Top 9 Easy Ways to Eat More Vegetables

Ways to Eat More Vegetables

If you’re looking to level up your nutrition game and maintain a balanced diet, then listen up, because veggies are about to become your new best friend. 

Packed with essential fiber, antioxidants, vitamins, and minerals, these nutrient-rich powerhouses are crucial for overall well-being. Plus, they can reduce the risk of chronic diseases, improve digestion, improve mental health, boost your vitality, and help with weight loss. But you already know that!

It doesn’t matter how much we KNOW that we should choose the salad over the burger. Once you see and smell that burger, a salad doesn’t stand a chance… So how do we eat more vegetables, when we just don’t feel like eating like a bunny rabbit today?

Whether you feel veggies are inconvenient to prep, you’re unsure how to cook them, or they just never seem appetizing… we’ve got you covered with some delicious ways to get more of these goodness-packed gems into your eating plan, so that you never get bored of eating them. 

So, let’s dive in and unlock the secrets to veggie success!

How To Eat More Vegetables

how to eat more raw vegetables


Here are some clever tricks to help you eat more vegetables each day without sacrificing taste or convenience. From sneaking them into your favorite meals to experimenting with new recipes, these tips will make it easier than ever to enjoy the benefits of a veggie-rich diet.

1. Drink them

One popular option is to drink your veggies in the form of smoothies, especially green smoothies. Green smoothies are not only refreshing, but they also pack a powerful nutrient punch. When adding leafy greens, smoothies can provide you with a recommended amount of vitamins, such as vitamin A and vitamin K, in just one cup of veggies. You can also get creative with the vegetables you choose. Beyond the leafy green options like spinach, mache, kale, you could also include veggies like cucumber, zucchini, pumpkin, beets, avocado, or sweet potatoes for added nutritional benefits. 

The best part is that green smoothies are a sneaky way to incorporate more veggies into your diet without compromising on taste. You can easily hide the veggies in the fruity flavors of the smoothie, making it a delicious and convenient option for breakfast or a snack. Frozen veggie bags work particularly well for this. Just add a bit of frozen cauliflower to your smoothie for a thick and creamy addition and you’ll never taste it!

With their abundance of vitamins, minerals, and antioxidants, green smoothies can be a simple yet effective way to enjoy the benefits of vegetables and promote a healthy lifestyle. 

Here are some tips and recipes to get you started: How to Meal Prep Smoothies

2. Make them Convenient 

Making veggies more accessible and convenient in your daily routine can be a game-changer when it comes to eating more of them. Here are some simple yet effective tips to help you incorporate veggies effortlessly into your lifestyle.
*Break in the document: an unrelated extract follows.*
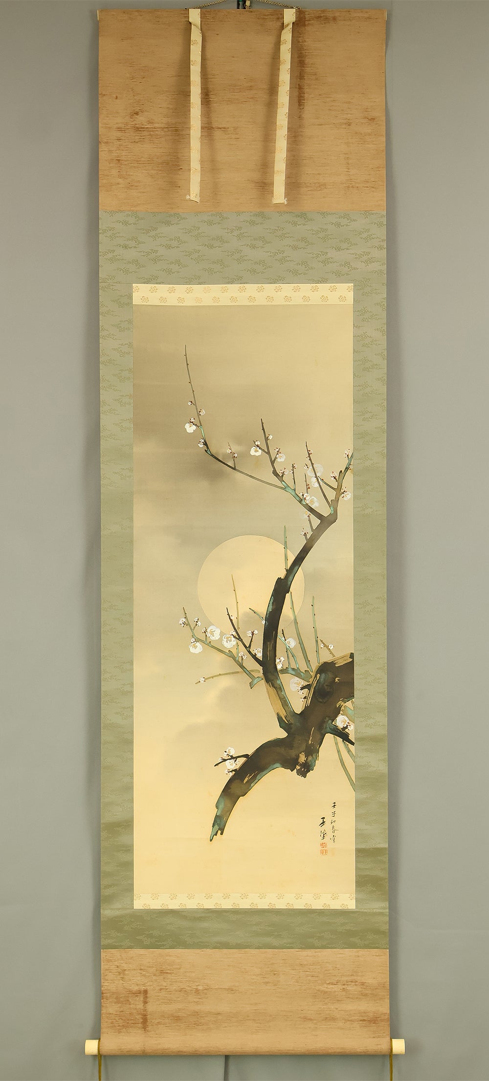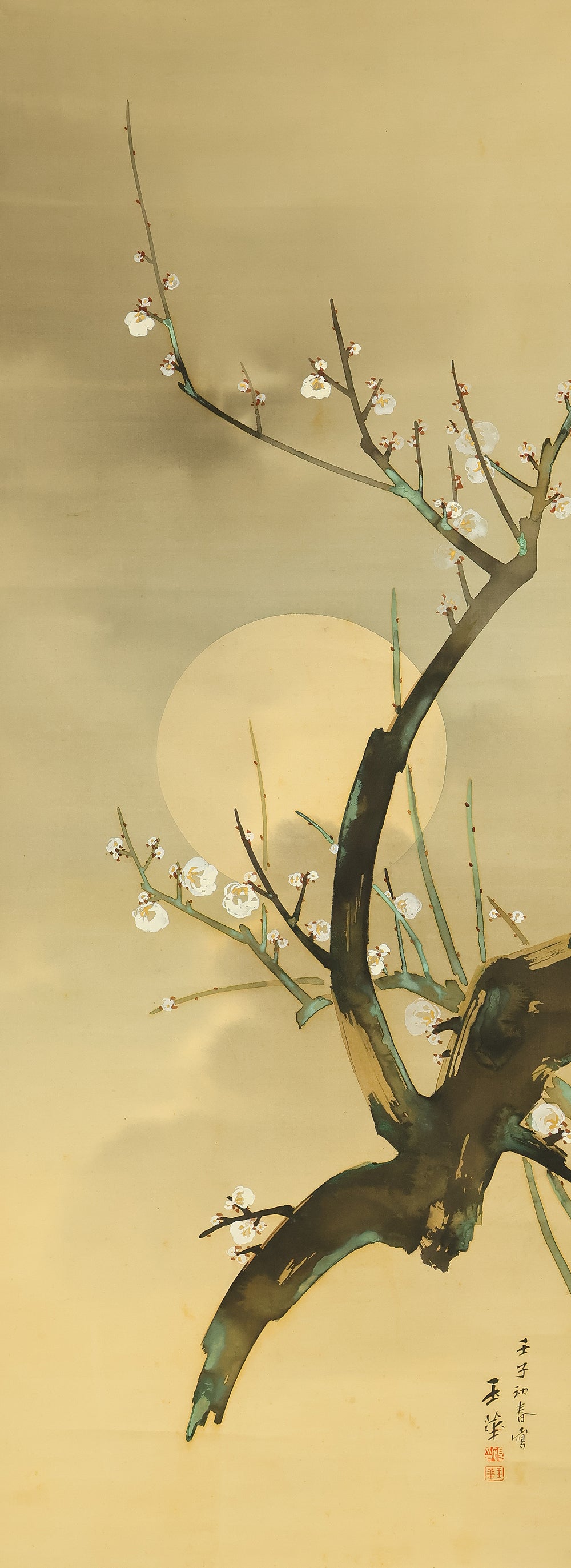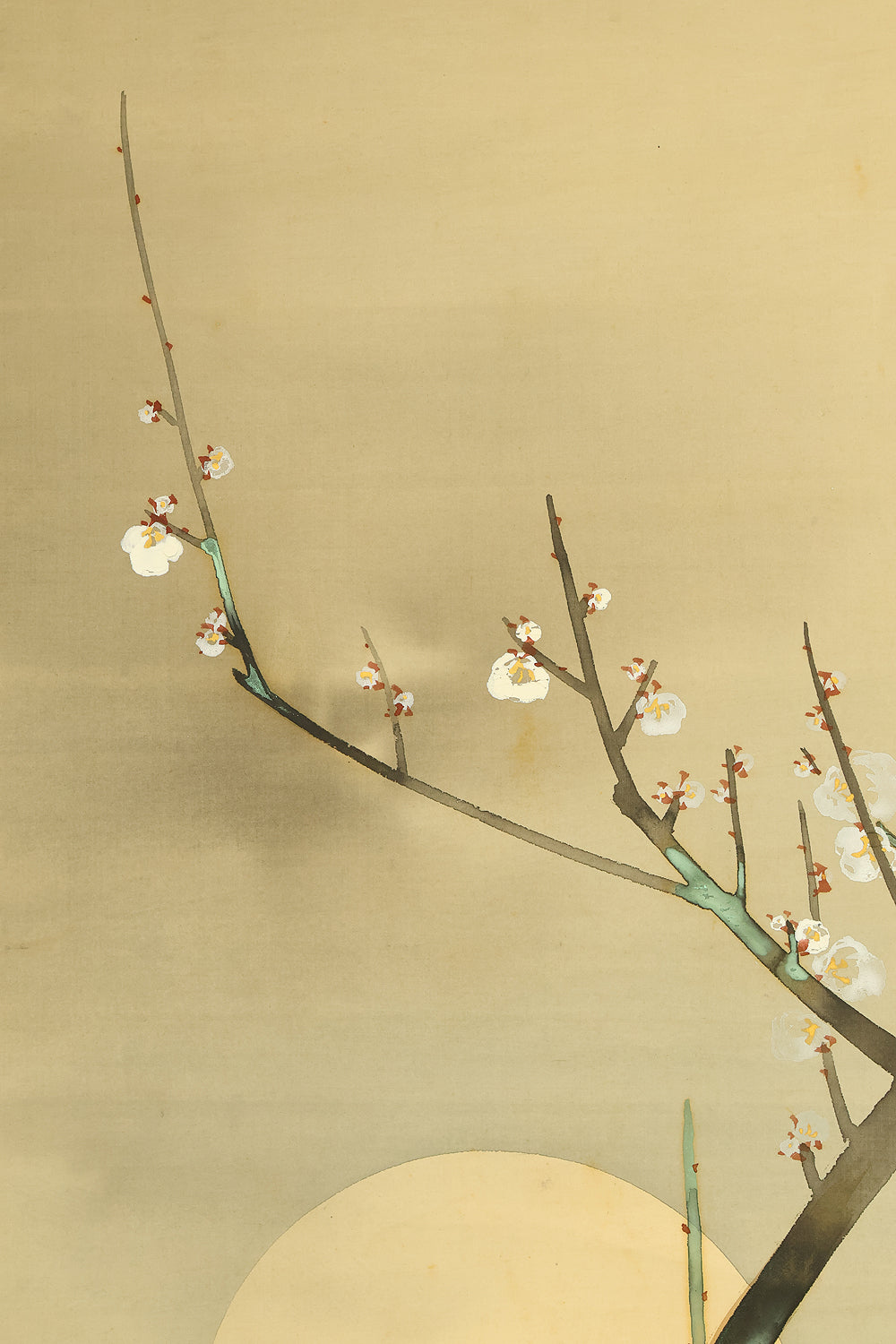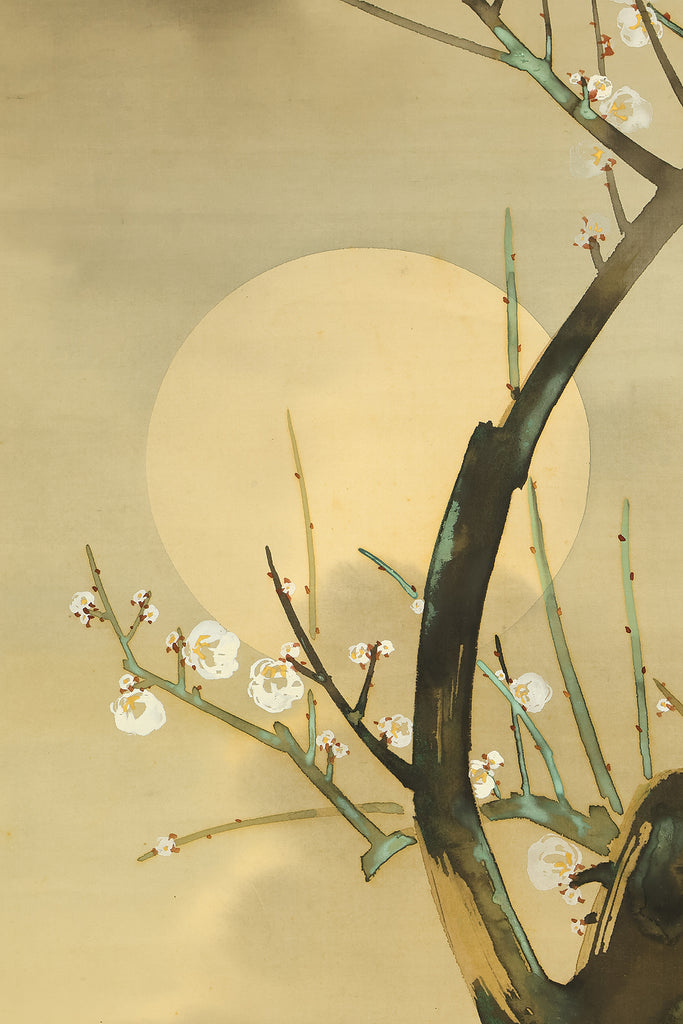 A quiet branch of white plum emerges beneath the soft glow of a full moon in this early‑spring work by Tabira Gyokka (1878–1923), a Shimane‑born painter trained under Kawabata Gyokushō. The blossoms open with a gentle clarity, each petal shaped by Gyokka’s precise yet unforced brushwork, while the pale circular moon behind them creates a depth that feels serene and quietly luminous. The slender branch arcs lightly across the surface, giving the composition a sense of breath and early‑spring freshness, as if the air itself were beginning to warm. Signed “Gyokka” with his seals and dated to the first spring of 1912, the painting reflects the refined sensitivity that defined his short but graceful career. Accompanied by its box, the scroll brings a subtle shift to the atmosphere of a room: its calm interplay of moonlight and plum blossoms introduces a sense of renewal and clarity, encouraging a slower rhythm and a more centered state of mind. Over time, it becomes less a seasonal image and more a quiet reminder of beginnings, resilience, and the gentle optimism that rises when one pauses long enough to notice it.

  • Store them in easy-to-see and easy-to-grab places: Instead of hiding your veggies in the back of the fridge or deep in the “crisper” drawer, place them on the top shelf of your fridge where they’re highly visible and easily accessible. When they’re easily visible and within reach, you’ll see and remember them every time you open the fridge, making it more likely for you to reach for them and incorporate them into your meal plan.
  • Prep a week’s worth of veggies in advance: Busy schedules can make it challenging to prepare fresh veggies every day. That’s why prepping a whole week’s worth of veggies over the weekend can be a game-changer. Wash, trim, chop, and even roast or freeze your veggies so that they’re ready to go whenever you need them. Having prepped veggies on hand makes it convenient to grab them as a quick snack or toss them into a stir-fry or salad on the go. And don’t forget to stock up on some delicious dips like hummus, guacamole, or your favorite dressing to make veggies even more enticing to munch on! You’ll be amazed at how quickly you’ll reach for them as a snack or ingredient in your meals when they’re ready to go.
  • Discover your irresistible veggies: Take a moment to think about what veggies you truly love and find irresistible. Are salads your jam? Roasted Brussels sprouts? Experiment with different preparations and healthy cooking methods to find what makes your taste buds dance. Whether it’s roasting, grilling, sautéing, or even pureeing, find ways to enjoy veggies so you WANT to eat them. Indulge in your favorite veggie dishes often, and don’t be afraid to get creative in the kitchen!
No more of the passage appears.